Now we can populate our characters collection by importing characters.csv. Then look at the keys.

    dataset characters-v1.ds import characters.csv 2
    dataset characeter-v1.ds keys

Notice the assigned ids. We used the second column, the one with th email heading to be our keys.

    ralph.rolf@zbs.example.org
    zowie@zbs.example.org
    captain.jack@zbs.example.org
    little.frieda@zbs.example.org
    mojo.sam@zbs.example.org
    old.art@zbs.example.org
    dataset characters-v1.ds keys | while read ID; do dataset characters-v1.ds read "${ID}"; done

In out next example we will use the environment variable DATASET to save us some typing. Now let’s make a new version of our characters collection but this time we’ll column one (the name column) as the key.

    dataset init characters-v2.ds
    export DATASET="characters-v2.ds"
    dataset import characters.csv 1
    dataset keys

Now our keys look a little different.

Reading the records back we see we have the JSON same document structure.

    dataset list keys | while read ID; do dataset read "${ID}"; done

Our records look like…

    {"email":"captain.jack@zbs.example.org","name":"Jack Flanders"}
    {"email":"zowie@zbs.example.org","name":"Zowie"}
    {"email":"ralph.rolf@zbs.example.org","name":"Ralph Rolf"}
    {"email":"mojo.sam@zbs.example.org","name":"Mojo Sam"}
    {"email":"little.frieda@zbs.example.org","name":"Little Frieda"}

Again the header row becomes the property names of the JSON document. But what if you don’t have a unique ID and don’t like the filename/row number in our first example? You can generate a UUID for each record by using the “-uuid” option. Let’s create a third version of characters and step through the results as before.

    dataset init characters-v3
    export DATASET=characters-v3
    dataset -uuid import characters.csv
    dataset list keys
    dataset list keys | while read ID; do dataset read "${ID}"; done

Notice that the UUID is inserted into the result JSON documents. This lets you easily keep records straight even if you rename the keys when moving between collections.
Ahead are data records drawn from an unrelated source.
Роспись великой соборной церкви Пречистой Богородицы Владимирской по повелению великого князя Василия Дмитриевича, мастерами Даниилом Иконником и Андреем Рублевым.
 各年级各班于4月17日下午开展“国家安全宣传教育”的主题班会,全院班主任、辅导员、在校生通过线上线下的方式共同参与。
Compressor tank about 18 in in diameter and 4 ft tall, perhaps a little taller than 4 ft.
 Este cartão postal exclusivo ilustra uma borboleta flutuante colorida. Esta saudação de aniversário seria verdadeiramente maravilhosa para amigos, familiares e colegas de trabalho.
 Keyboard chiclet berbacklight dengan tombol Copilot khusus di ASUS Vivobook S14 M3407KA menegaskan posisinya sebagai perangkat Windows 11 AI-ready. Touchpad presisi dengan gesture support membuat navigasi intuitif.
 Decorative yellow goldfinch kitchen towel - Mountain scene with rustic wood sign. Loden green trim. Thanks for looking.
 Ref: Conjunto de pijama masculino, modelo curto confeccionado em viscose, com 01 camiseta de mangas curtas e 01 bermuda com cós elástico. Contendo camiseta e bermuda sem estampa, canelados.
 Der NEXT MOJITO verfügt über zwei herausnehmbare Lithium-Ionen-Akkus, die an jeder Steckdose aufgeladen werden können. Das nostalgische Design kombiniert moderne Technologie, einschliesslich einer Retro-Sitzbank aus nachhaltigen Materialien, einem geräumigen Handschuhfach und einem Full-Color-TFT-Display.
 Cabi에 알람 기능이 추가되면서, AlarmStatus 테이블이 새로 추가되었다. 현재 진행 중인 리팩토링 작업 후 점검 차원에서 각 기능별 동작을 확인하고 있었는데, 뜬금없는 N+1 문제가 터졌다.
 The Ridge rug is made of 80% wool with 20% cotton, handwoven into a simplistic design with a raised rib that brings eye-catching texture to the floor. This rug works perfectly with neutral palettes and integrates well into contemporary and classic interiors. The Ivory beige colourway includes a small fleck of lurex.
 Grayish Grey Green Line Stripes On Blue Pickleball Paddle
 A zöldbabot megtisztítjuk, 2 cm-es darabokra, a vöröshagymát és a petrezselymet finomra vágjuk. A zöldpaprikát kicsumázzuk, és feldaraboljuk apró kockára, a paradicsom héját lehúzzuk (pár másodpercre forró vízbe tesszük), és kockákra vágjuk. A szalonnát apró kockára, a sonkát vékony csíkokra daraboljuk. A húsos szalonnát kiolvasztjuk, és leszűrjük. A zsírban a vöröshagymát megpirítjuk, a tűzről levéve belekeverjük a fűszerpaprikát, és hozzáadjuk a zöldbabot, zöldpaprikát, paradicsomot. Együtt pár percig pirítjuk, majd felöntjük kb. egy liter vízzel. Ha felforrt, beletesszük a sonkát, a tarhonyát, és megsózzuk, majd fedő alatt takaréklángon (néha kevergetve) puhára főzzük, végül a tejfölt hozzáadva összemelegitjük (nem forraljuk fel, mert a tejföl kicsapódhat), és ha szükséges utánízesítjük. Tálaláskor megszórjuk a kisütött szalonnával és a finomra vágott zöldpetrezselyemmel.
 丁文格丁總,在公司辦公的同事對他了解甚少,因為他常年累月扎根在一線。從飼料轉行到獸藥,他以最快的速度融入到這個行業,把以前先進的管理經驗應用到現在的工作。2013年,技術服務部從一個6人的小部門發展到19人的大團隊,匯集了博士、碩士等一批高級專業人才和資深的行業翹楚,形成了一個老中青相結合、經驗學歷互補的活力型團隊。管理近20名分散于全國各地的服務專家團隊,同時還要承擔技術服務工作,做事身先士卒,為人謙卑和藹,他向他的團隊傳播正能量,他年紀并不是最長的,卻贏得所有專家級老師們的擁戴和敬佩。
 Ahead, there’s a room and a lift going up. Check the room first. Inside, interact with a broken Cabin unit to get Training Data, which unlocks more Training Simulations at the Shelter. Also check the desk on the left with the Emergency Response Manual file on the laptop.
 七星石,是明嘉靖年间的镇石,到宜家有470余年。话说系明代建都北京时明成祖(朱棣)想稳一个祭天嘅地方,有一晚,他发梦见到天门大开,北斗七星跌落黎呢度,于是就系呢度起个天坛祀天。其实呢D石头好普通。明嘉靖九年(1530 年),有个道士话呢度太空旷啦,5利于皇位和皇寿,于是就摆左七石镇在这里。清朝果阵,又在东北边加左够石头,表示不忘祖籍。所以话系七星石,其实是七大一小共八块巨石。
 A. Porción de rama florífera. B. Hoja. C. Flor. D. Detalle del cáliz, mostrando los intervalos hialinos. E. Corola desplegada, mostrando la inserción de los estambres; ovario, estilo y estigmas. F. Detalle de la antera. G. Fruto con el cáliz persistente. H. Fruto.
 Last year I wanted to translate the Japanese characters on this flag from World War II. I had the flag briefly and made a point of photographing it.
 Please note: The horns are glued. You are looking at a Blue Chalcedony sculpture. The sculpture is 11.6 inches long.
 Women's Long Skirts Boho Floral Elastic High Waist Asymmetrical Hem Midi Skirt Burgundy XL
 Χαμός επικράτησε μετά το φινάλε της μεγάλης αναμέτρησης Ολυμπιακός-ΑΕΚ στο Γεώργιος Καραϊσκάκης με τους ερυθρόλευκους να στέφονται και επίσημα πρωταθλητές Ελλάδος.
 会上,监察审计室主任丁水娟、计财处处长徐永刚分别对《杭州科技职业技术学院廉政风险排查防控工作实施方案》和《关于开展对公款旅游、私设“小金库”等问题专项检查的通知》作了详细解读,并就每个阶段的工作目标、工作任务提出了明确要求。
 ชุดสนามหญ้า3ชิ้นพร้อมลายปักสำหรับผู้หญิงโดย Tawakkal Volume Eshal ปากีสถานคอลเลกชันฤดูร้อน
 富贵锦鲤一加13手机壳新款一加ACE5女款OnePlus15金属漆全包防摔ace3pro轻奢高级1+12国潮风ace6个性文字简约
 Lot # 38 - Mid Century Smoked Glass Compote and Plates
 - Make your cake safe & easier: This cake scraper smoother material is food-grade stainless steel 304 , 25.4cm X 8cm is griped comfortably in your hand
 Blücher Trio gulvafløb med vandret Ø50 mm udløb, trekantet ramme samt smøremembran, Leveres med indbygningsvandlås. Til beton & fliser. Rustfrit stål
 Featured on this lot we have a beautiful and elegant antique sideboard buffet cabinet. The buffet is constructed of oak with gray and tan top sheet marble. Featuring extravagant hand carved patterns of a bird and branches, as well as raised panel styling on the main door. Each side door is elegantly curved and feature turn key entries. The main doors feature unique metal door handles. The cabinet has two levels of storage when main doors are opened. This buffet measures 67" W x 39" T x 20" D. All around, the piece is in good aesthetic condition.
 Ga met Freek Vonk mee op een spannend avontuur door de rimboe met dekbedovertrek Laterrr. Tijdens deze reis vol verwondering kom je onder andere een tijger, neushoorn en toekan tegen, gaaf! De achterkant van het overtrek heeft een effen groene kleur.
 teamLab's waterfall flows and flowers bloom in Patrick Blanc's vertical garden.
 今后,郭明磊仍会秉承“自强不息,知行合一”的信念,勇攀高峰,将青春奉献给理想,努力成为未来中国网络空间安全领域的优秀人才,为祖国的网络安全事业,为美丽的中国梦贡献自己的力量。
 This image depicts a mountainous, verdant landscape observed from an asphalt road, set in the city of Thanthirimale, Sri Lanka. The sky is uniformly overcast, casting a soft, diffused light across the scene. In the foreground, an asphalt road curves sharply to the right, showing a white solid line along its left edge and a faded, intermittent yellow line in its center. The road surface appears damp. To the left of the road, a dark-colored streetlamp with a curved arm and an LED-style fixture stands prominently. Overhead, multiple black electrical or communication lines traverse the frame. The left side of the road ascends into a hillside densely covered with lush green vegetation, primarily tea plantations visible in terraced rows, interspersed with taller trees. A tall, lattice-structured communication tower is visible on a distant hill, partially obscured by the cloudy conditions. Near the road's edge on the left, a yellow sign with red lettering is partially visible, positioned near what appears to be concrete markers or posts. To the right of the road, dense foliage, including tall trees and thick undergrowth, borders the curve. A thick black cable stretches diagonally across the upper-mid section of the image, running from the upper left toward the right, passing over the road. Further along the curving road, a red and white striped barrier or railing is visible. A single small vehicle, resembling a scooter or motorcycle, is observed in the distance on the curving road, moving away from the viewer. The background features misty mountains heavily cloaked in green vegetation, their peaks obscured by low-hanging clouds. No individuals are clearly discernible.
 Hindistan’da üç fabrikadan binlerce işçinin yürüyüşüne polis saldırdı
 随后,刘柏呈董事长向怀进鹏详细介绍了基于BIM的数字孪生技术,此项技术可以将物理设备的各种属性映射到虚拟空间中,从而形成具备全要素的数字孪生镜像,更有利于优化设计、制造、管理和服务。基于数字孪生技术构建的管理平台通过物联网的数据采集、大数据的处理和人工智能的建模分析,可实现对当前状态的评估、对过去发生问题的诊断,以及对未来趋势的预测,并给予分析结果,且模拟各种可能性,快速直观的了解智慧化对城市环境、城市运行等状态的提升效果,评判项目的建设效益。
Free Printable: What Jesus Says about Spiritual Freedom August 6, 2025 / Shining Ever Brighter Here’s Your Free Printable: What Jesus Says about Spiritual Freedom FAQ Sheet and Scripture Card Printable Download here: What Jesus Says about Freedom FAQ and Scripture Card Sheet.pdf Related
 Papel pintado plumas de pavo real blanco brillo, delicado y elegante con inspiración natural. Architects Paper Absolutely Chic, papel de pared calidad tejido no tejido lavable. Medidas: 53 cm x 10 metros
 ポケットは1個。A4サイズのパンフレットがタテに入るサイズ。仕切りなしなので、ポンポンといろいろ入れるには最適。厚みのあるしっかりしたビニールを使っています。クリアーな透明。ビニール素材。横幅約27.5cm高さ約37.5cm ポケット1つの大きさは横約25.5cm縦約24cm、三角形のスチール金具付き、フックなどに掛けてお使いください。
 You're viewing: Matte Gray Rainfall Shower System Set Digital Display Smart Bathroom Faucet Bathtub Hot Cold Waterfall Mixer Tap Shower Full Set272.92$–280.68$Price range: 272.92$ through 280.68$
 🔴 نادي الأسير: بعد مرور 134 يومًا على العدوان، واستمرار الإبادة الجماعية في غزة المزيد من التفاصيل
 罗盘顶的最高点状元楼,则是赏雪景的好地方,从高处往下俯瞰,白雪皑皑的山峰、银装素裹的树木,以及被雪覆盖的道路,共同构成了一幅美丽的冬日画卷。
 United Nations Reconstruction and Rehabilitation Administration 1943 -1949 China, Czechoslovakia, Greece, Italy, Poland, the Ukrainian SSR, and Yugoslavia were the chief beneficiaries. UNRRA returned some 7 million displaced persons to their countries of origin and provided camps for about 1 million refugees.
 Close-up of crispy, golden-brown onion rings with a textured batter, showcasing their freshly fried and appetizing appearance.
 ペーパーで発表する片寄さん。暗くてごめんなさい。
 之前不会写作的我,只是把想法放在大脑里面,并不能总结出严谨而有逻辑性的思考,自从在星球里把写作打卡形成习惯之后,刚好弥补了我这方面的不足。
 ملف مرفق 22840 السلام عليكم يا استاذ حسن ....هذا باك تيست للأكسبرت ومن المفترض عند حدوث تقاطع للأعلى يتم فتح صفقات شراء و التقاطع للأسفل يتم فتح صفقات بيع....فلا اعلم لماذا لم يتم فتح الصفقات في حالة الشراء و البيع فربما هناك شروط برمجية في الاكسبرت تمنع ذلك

    {"email":"little.frieda@zbs.example.org","name":"Little Frieda","uuid":"27a5295f-4a80-4855-a2d1-e8a3a1a4623f"}
    {"email":"old.art@zbs.example.org","name":"Far Seeing Art","uuid":"872f68fe-f96b-4ce0-83bb-5c255d28cae7"}
    {"email":"captain.jack@zbs.example.org","name":"Jack Flanders","uuid":"fa382371-9a9e-4ade-a63c-7ebf88ef266e"}
    {"email":"zowie@zbs.example.org","name":"Zowie","uuid":"c05fceaa-b5de-460a-9497-f38fd9434cef"}
    {"email":"ralph.rolf@zbs.example.org","name":"Ralph Rolf","uuid":"fb48731d-9da7-4cc0-990d-9a5d1e0b33ac"}
    {"email":"mojo.sam@zbs.example.org","name":"Mojo Sam","uuid":"5aea6f22-390c-4727-8235-b9cab5ea1180"}

What if the CSV file has no header row?

Let’s create a new collection and try the “-skip-header-row=false” option.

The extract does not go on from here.